LONDON (AP) — Under normal circumstances, the Bank of England would be looking to cut interest rates. The economy is slowing and inflation is below target.
But these are no normal times in Britain, with a general election due Dec. 12 that will have profound implications for the economy, as it could shape Brexit’s outcome .
On Thursday, the Bank of England is widely predicted to keep its main interest rate at 0.75% despite the gloomy economic backdrop.
“The upcoming general election has added to the fog of political uncertainty already hanging over the U.K. economy because of Brexit,” said Kallum Pickering, senior economist at Berenberg.
“With economic momentum subdued, and no immediate inflation risks to contend with, expect the bank’s nine-member Monetary Policy Committee to keep policy on hold.”
Alongside its interest rate decision, the bank is also expected to lower its growth forecast for 2020 from its previous estimate of 1.3%, mainly due to concerns over Brexit.
Business investment has borne the brunt of Brexit uncertainty since the country voted in June 2016 to leave the European Union as executives have sought clarity over Britain’s future trading relationship with the EU.
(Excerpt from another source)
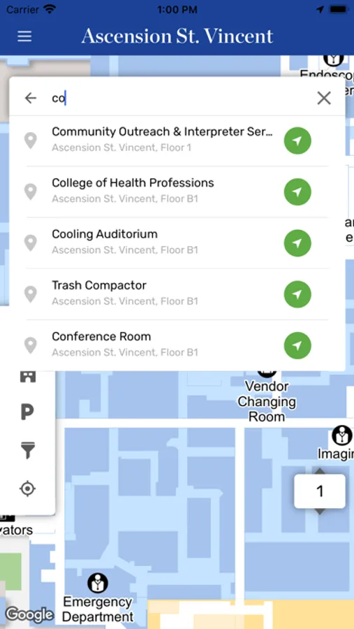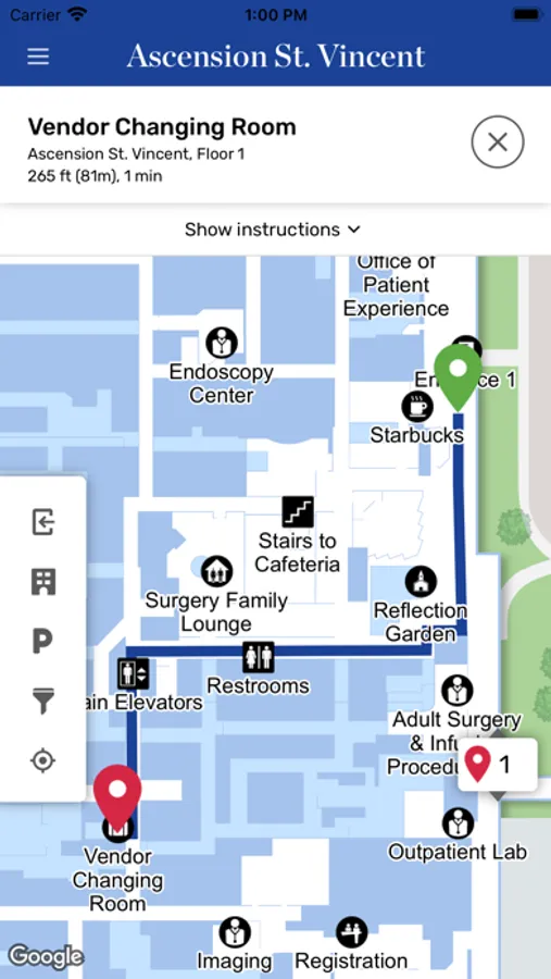 • Locate additional on-site amenities: cafeteria, gift shop, restrooms, chapel and more.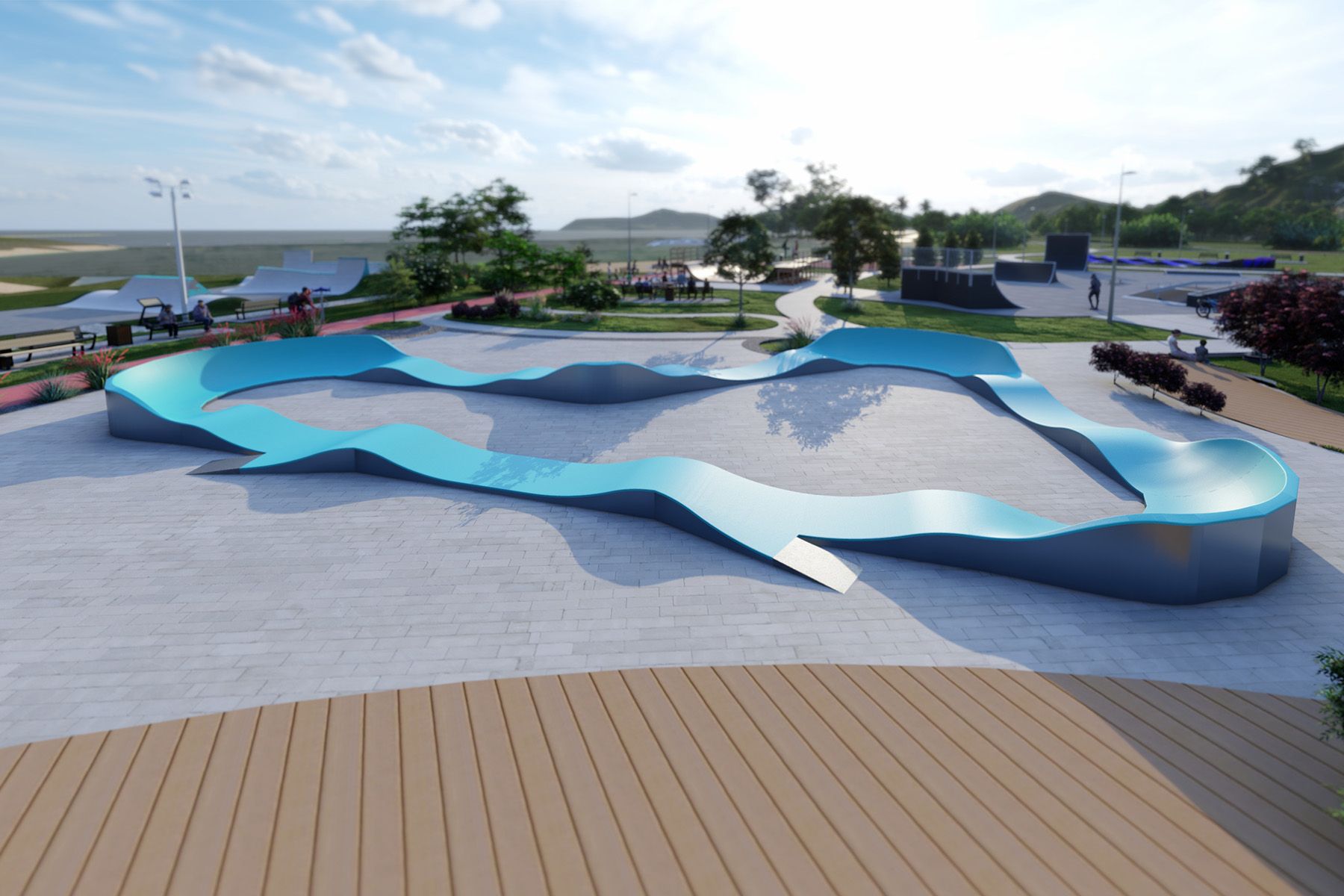 La pista è realizzata con la tecnologia steel-composite, che combina una struttura in acciaio galvanizzato con una superficie resistente con proprietà antiscivolo. I materiali utilizzati garantiscono un'elevata resistenza all'uso intensivo e alle mutevoli condizioni atmosferiche, riducendo al contempo la necessità di manutenzione.

Prime Minister Boris Johnson called the election in the hope of securing a majority in Parliament that would allow him to push through the withdrawal agreement he negotiated with the EU by Jan. 31, Britain’s new scheduled departure from the EU.
He says “getting Brexit done” will unleash pent-up investment, stoking growth.
“Let’s make 2020 the year of investment and growth,” he said Wednesday outside his residence at No. 10 Downing Street as the general election formally got underway.
Bank of England Governor Mark Carney, who is due to step down early next year, has said that ratification of a Brexit deal would lead to a rebound in some investment. That would shore up growth and potentially lead to one or two quarter-point interest rate increases.
Not everyone is convinced, with Johnson’s opponents arguing for alternative courses, from scrapping Brexit to another referendum on membership.
They claim his Brexit deal will just lead to further acute uncertainty that will keep investment in check and potentially force the Bank of England to cut interest rates.
Michael Saunders, one of the nine members of the rate-setting panel, said in a speech in September that “persistently high uncertainty” could prompt the bank to lower rates.
Though ratification of Johnson’s deal soon after the election would pave the way for Britain to leave the EU by the end of January, attention would swiftly turn to the next stage of talks , on the future relationship between the EU and the U.K.
Under the terms of the withdrawal agreement, Britain will remain in the tariff-free European single market and customs union through 2020 even though it won’t have a say in making the rules. That transition period can be extended once by one or two years, but that must be done by the end of June.
Few experts think a trade deal can be forged in a few months — it took Canada seven years to complete its deal with the EU.
“This almost certainly won’t be long enough,” said ING economist James Smith.
As a result, Britain could end up leaving the EU’s single market and customs union at the end of next year, which most economists think could lead to a recession in Britain as tariffs and other impediments to trade start to bite.
“This uncertainty will keep a lid on investment,” said Smith.
The fog of Brexit doesn’t look likely to go away anytime soon.